Could you output each record below exactly as it stands and leave the pictures out?

[Dataset items]
☆ ☆ ☆ ☆

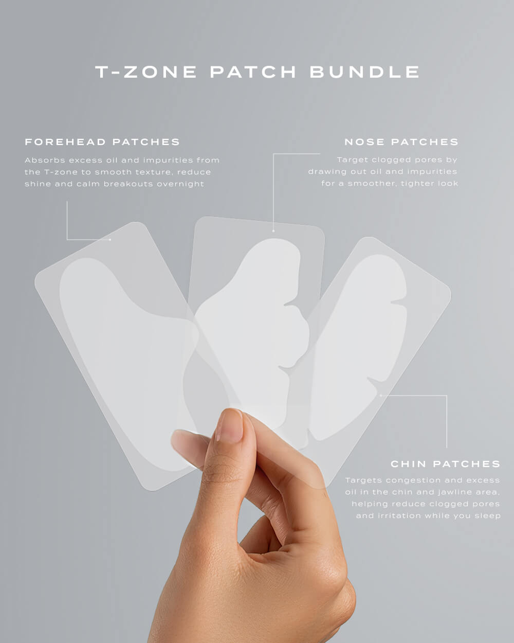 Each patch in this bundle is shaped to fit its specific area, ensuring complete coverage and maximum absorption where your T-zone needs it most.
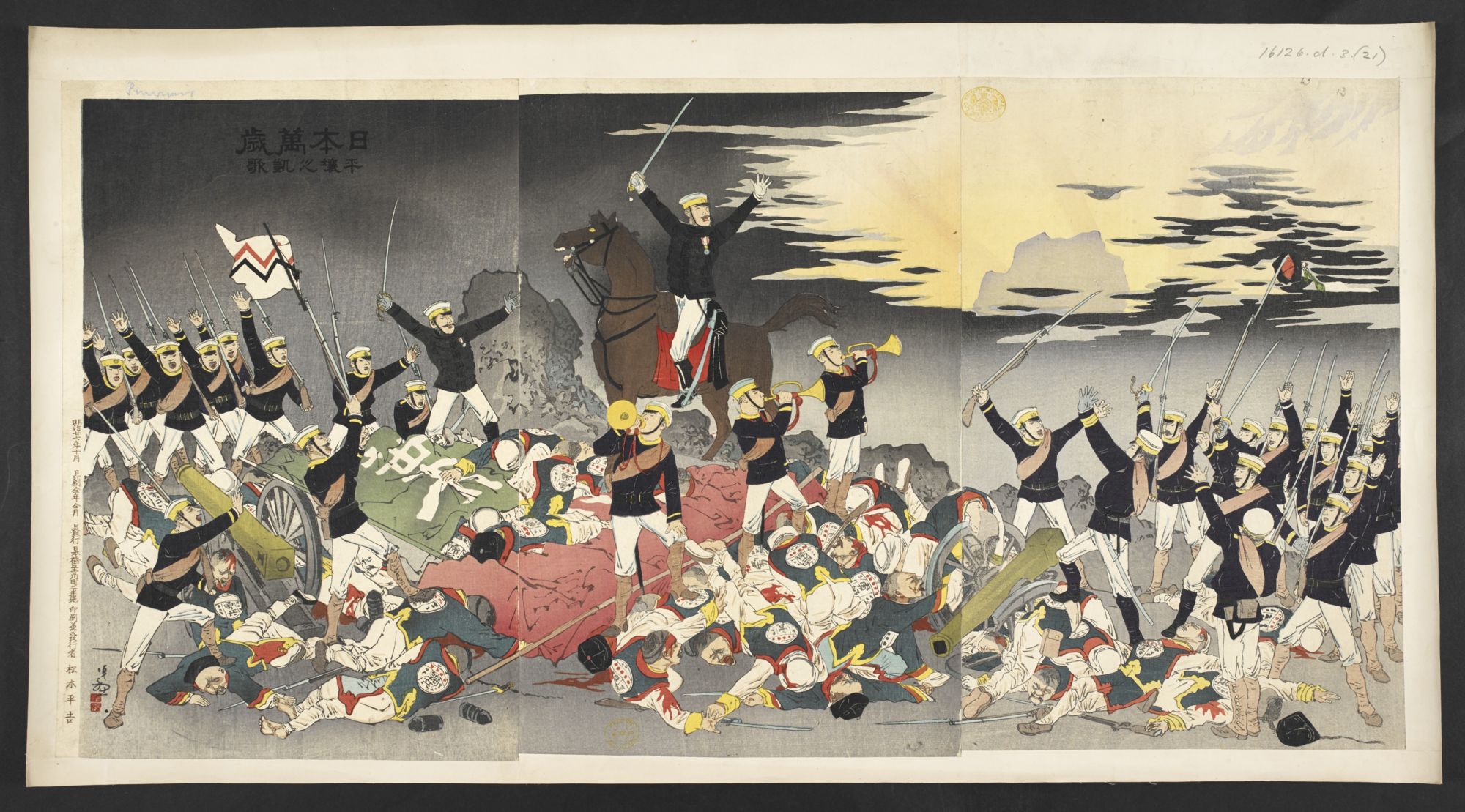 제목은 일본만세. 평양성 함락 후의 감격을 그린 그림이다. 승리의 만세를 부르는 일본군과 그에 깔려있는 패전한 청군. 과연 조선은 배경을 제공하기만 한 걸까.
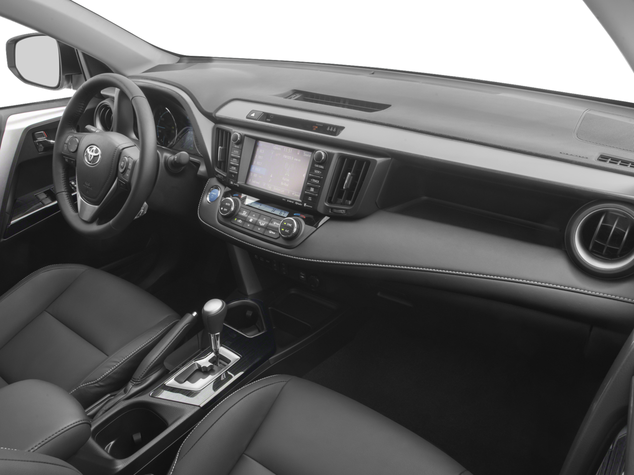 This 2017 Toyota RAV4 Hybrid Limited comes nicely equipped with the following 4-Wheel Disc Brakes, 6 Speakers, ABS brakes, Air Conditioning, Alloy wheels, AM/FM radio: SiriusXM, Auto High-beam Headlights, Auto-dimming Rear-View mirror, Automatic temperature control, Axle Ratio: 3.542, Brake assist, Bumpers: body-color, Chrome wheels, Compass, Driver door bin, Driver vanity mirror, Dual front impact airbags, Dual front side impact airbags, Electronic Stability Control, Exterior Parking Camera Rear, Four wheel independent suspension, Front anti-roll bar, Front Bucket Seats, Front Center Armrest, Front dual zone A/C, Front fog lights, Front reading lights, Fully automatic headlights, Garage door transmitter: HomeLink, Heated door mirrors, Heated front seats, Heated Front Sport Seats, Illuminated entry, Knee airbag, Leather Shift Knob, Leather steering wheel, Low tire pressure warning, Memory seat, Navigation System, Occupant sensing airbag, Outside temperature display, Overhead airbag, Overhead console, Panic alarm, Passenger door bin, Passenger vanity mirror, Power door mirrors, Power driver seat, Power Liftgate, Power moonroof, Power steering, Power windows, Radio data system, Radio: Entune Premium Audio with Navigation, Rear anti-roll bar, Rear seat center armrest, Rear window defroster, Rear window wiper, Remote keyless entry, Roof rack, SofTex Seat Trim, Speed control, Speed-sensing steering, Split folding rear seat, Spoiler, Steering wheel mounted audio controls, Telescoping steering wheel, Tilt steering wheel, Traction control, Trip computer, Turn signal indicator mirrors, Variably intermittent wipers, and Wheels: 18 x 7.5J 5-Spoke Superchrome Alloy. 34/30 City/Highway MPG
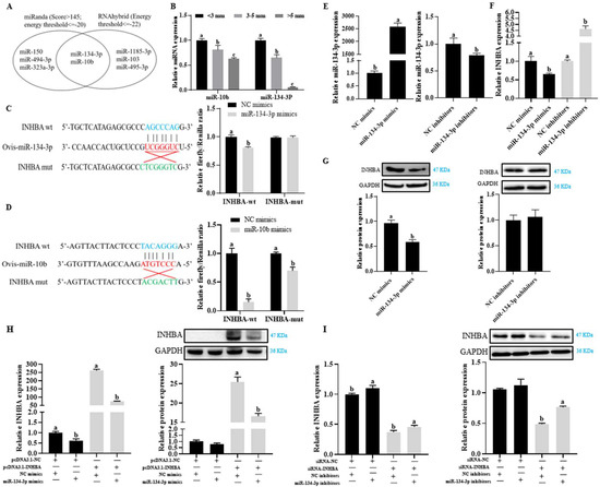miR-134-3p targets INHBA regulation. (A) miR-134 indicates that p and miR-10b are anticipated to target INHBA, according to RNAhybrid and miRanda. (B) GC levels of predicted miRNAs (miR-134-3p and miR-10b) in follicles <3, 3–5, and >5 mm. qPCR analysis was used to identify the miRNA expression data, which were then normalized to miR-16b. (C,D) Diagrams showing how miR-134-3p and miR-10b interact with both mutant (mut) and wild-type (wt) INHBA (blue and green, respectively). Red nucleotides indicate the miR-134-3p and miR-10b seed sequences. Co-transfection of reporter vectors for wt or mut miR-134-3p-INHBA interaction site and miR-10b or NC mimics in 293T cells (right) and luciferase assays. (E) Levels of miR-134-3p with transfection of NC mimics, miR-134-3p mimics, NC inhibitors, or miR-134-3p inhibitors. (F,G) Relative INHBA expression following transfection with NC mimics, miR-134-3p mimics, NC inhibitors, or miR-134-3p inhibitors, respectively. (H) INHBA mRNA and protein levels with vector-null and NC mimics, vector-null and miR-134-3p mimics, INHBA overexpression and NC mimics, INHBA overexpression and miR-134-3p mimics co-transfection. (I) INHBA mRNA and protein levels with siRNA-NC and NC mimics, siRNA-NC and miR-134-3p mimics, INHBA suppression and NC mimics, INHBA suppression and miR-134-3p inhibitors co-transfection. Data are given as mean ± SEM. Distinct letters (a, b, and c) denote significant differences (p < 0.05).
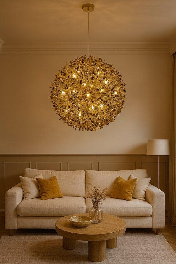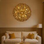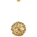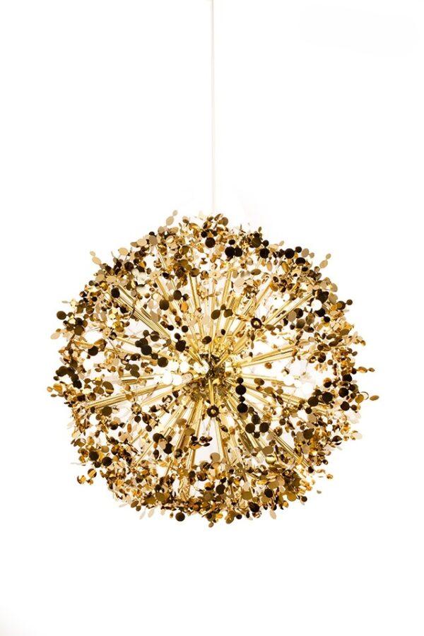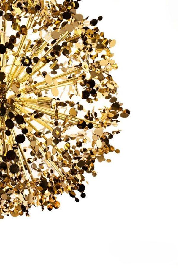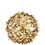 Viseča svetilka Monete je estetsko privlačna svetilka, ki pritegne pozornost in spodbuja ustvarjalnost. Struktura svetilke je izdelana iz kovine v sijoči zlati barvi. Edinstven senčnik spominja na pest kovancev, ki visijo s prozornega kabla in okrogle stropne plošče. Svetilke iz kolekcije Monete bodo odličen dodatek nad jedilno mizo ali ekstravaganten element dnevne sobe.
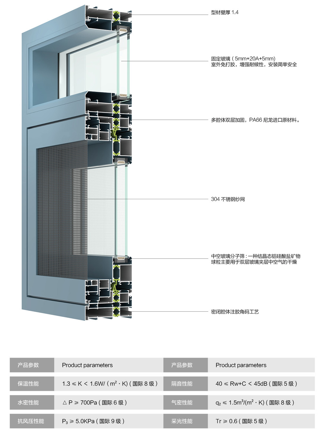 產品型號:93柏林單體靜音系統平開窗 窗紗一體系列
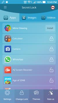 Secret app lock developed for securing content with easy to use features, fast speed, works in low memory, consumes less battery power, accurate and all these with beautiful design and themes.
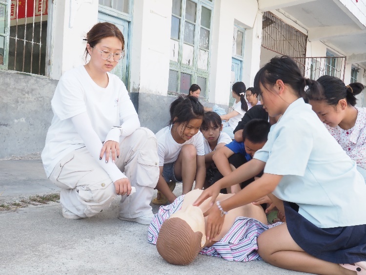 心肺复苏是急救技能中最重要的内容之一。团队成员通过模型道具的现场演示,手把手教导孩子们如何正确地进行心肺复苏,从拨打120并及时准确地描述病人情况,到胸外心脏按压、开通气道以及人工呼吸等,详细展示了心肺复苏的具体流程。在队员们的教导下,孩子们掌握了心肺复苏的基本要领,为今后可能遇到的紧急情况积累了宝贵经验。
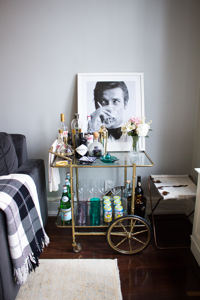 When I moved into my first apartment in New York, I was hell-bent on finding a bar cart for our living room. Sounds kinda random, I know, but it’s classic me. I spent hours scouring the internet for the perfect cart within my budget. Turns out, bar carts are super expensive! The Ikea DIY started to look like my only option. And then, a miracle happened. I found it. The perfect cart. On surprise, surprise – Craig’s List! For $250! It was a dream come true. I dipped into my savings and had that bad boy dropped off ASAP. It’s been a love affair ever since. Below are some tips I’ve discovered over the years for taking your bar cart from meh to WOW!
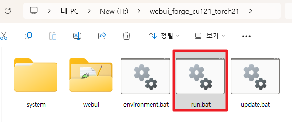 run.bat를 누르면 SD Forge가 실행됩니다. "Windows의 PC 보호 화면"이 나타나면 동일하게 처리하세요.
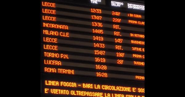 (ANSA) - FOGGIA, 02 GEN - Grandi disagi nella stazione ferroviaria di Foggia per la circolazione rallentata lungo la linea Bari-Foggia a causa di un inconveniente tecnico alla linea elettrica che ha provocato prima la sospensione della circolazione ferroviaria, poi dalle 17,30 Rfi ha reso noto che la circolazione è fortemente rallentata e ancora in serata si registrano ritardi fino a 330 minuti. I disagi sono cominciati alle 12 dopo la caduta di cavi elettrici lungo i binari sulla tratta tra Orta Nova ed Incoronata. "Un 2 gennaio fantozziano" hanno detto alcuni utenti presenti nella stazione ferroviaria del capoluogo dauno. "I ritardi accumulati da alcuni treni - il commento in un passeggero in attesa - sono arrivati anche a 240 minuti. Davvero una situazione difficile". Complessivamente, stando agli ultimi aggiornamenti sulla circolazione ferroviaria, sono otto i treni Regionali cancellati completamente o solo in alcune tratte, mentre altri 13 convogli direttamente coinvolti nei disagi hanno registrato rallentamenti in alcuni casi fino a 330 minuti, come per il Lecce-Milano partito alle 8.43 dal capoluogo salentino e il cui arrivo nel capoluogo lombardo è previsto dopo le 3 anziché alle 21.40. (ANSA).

☆ ☆ ☆ ☆

-- Answer section --
 Each patch in this bundle is shaped to fit its specific area, ensuring complete coverage and maximum absorption where your T-zone needs it most.
 제목은 일본만세. 평양성 함락 후의 감격을 그린 그림이다. 승리의 만세를 부르는 일본군과 그에 깔려있는 패전한 청군. 과연 조선은 배경을 제공하기만 한 걸까.
 This 2017 Toyota RAV4 Hybrid Limited comes nicely equipped with the following 4-Wheel Disc Brakes, 6 Speakers, ABS brakes, Air Conditioning, Alloy wheels, AM/FM radio: SiriusXM, Auto High-beam Headlights, Auto-dimming Rear-View mirror, Automatic temperature control, Axle Ratio: 3.542, Brake assist, Bumpers: body-color, Chrome wheels, Compass, Driver door bin, Driver vanity mirror, Dual front impact airbags, Dual front side impact airbags, Electronic Stability Control, Exterior Parking Camera Rear, Four wheel independent suspension, Front anti-roll bar, Front Bucket Seats, Front Center Armrest, Front dual zone A/C, Front fog lights, Front reading lights, Fully automatic headlights, Garage door transmitter: HomeLink, Heated door mirrors, Heated front seats, Heated Front Sport Seats, Illuminated entry, Knee airbag, Leather Shift Knob, Leather steering wheel, Low tire pressure warning, Memory seat, Navigation System, Occupant sensing airbag, Outside temperature display, Overhead airbag, Overhead console, Panic alarm, Passenger door bin, Passenger vanity mirror, Power door mirrors, Power driver seat, Power Liftgate, Power moonroof, Power steering, Power windows, Radio data system, Radio: Entune Premium Audio with Navigation, Rear anti-roll bar, Rear seat center armrest, Rear window defroster, Rear window wiper, Remote keyless entry, Roof rack, SofTex Seat Trim, Speed control, Speed-sensing steering, Split folding rear seat, Spoiler, Steering wheel mounted audio controls, Telescoping steering wheel, Tilt steering wheel, Traction control, Trip computer, Turn signal indicator mirrors, Variably intermittent wipers, and Wheels: 18 x 7.5J 5-Spoke Superchrome Alloy. 34/30 City/Highway MPG
miR-134-3p targets INHBA regulation. (A) miR-134 indicates that p and miR-10b are anticipated to target INHBA, according to RNAhybrid and miRanda. (B) GC levels of predicted miRNAs (miR-134-3p and miR-10b) in follicles <3, 3–5, and >5 mm. qPCR analysis was used to identify the miRNA expression data, which were then normalized to miR-16b. (C,D) Diagrams showing how miR-134-3p and miR-10b interact with both mutant (mut) and wild-type (wt) INHBA (blue and green, respectively). Red nucleotides indicate the miR-134-3p and miR-10b seed sequences. Co-transfection of reporter vectors for wt or mut miR-134-3p-INHBA interaction site and miR-10b or NC mimics in 293T cells (right) and luciferase assays. (E) Levels of miR-134-3p with transfection of NC mimics, miR-134-3p mimics, NC inhibitors, or miR-134-3p inhibitors. (F,G) Relative INHBA expression following transfection with NC mimics, miR-134-3p mimics, NC inhibitors, or miR-134-3p inhibitors, respectively. (H) INHBA mRNA and protein levels with vector-null and NC mimics, vector-null and miR-134-3p mimics, INHBA overexpression and NC mimics, INHBA overexpression and miR-134-3p mimics co-transfection. (I) INHBA mRNA and protein levels with siRNA-NC and NC mimics, siRNA-NC and miR-134-3p mimics, INHBA suppression and NC mimics, INHBA suppression and miR-134-3p inhibitors co-transfection. Data are given as mean ± SEM. Distinct letters (a, b, and c) denote significant differences (p < 0.05).
 Viseča svetilka Monete je estetsko privlačna svetilka, ki pritegne pozornost in spodbuja ustvarjalnost. Struktura svetilke je izdelana iz kovine v sijoči zlati barvi. Edinstven senčnik spominja na pest kovancev, ki visijo s prozornega kabla in okrogle stropne plošče. Svetilke iz kolekcije Monete bodo odličen dodatek nad jedilno mizo ali ekstravaganten element dnevne sobe.
 產品型號:93柏林單體靜音系統平開窗 窗紗一體系列
 Secret app lock developed for securing content with easy to use features, fast speed, works in low memory, consumes less battery power, accurate and all these with beautiful design and themes.
 心肺复苏是急救技能中最重要的内容之一。团队成员通过模型道具的现场演示,手把手教导孩子们如何正确地进行心肺复苏,从拨打120并及时准确地描述病人情况,到胸外心脏按压、开通气道以及人工呼吸等,详细展示了心肺复苏的具体流程。在队员们的教导下,孩子们掌握了心肺复苏的基本要领,为今后可能遇到的紧急情况积累了宝贵经验。
 When I moved into my first apartment in New York, I was hell-bent on finding a bar cart for our living room. Sounds kinda random, I know, but it’s classic me. I spent hours scouring the internet for the perfect cart within my budget. Turns out, bar carts are super expensive! The Ikea DIY started to look like my only option. And then, a miracle happened. I found it. The perfect cart. On surprise, surprise – Craig’s List! For $250! It was a dream come true. I dipped into my savings and had that bad boy dropped off ASAP. It’s been a love affair ever since. Below are some tips I’ve discovered over the years for taking your bar cart from meh to WOW!
 run.bat를 누르면 SD Forge가 실행됩니다. "Windows의 PC 보호 화면"이 나타나면 동일하게 처리하세요.
 (ANSA) - FOGGIA, 02 GEN - Grandi disagi nella stazione ferroviaria di Foggia per la circolazione rallentata lungo la linea Bari-Foggia a causa di un inconveniente tecnico alla linea elettrica che ha provocato prima la sospensione della circolazione ferroviaria, poi dalle 17,30 Rfi ha reso noto che la circolazione è fortemente rallentata e ancora in serata si registrano ritardi fino a 330 minuti. I disagi sono cominciati alle 12 dopo la caduta di cavi elettrici lungo i binari sulla tratta tra Orta Nova ed Incoronata. "Un 2 gennaio fantozziano" hanno detto alcuni utenti presenti nella stazione ferroviaria del capoluogo dauno. "I ritardi accumulati da alcuni treni - il commento in un passeggero in attesa - sono arrivati anche a 240 minuti. Davvero una situazione difficile". Complessivamente, stando agli ultimi aggiornamenti sulla circolazione ferroviaria, sono otto i treni Regionali cancellati completamente o solo in alcune tratte, mentre altri 13 convogli direttamente coinvolti nei disagi hanno registrato rallentamenti in alcuni casi fino a 330 minuti, come per il Lecce-Milano partito alle 8.43 dal capoluogo salentino e il cui arrivo nel capoluogo lombardo è previsto dopo le 3 anziché alle 21.40. (ANSA).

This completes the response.